Une grimace triste se peint sur mon visage tandis que mes pleurs redoublent. Il était comme un père pour moi, je l'ai cru tout du moins jusqu'à ce que je découvre la véritable identité de mon père biologique. Je me sens trahie, abandonnée aux vieilles pratiques des hommes qui nous ont conduits à vivre dans l'espace, après qu'ils aient déclenché un holocauste nucléaire et réduit la planète au statut d'invivable. Ce que nous pouvons être stupides, nous, humains de mes deux. On se croit supérieur à tout parce que l'on a la capacité d'améliorer nos conditions de vie en construisant des choses, mais ces choses que nous construisons ne sont créées que pour détruire, nos vies en particulier, et tout ce qui nous entoure. On ne vit pas. On n'a jamais vécu. Mais on survit, peu importe ce que l'on dira.
Mais la réalité, c'est que la survie nous fait faire des choses impitoyables, impardonnables, des choses tellement inimaginables où la naïveté n'a pas sa place. L'on y croit, l'on veut y croire. Parce que c'est sur cela que doit se baser l'Humanité, la confiance. L'on pense être l'Humanité, mais nous ne sommes pas celle-ci. Seulement des animaux, dénués de sentiments et d'ouverture d'esprit.
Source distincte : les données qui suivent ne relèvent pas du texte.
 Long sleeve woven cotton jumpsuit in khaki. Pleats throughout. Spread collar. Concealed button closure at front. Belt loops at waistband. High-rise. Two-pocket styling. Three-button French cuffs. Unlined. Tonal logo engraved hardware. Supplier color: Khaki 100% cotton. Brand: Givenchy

Comme si la guerre qui faisait rage il y a presque cent ans n'avait jamais cessé, qu'elle s'était imprégnée dans notre peau, nos cellules. Qu'elle s'était accrochée solidement en nous et qu'elle avait laissé son poison nous dévorer. Lentement. De l'intérieur. Faisant ressortir le pire de l'être humain. Et malheureusement c'est toujours d'actualité.
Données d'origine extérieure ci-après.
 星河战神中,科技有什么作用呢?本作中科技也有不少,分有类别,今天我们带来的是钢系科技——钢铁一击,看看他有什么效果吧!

Les lèvres de Marcus se posent sur mon front humidifié par les larmes qui ont coulées de son visage. Il se relève lentement tandis que d'un second geste de la main, plus désinvolte que le premier, il autorise les gardiens à m'emmener.
S'il m'avait gracié, je serais devenue une belle-fille exemplaire. J'aurais pris la voie qu'il m'avait destinée avec ma mère. J'aurais joué le jeu. J'aurais tout oublié. Tous les mensonges. Toutes les cachotteries. La trahison entière. Mais il a décidé de m'envoyer mourir.
Bien que je ne sois pas encore majeure et qu'il me reste encore quelques mois avant mon anniversaire, je serais envoyée à la dérive, comme beaucoup de jeunes dans mon cas. Je serais jetée lâchement pour avoir voulu connaître mes origines, qui je suis réellement.
Depuis l'Apocalypse sur terre, la liberté, la vérité et la paix ne sont que des options. Des trésors insaisissables. L'Arche assure la survie de l'humain, mais fait disparaître en lui le peu d'humanité qui y croupit, pour ce qui en restait.
Marcus se positionne parmi les survivants, me rouvrant la voie vers la mort. Les gardiens se remettent en route, me trainant à nouveau sur le sol tandis que je me mets à crier comme une démente, promettant au Conseiller que j'arriverai à m'échapper et que je viendrai terminer le travail.
Je suis seule contre le monde, du moins ce qui en reste.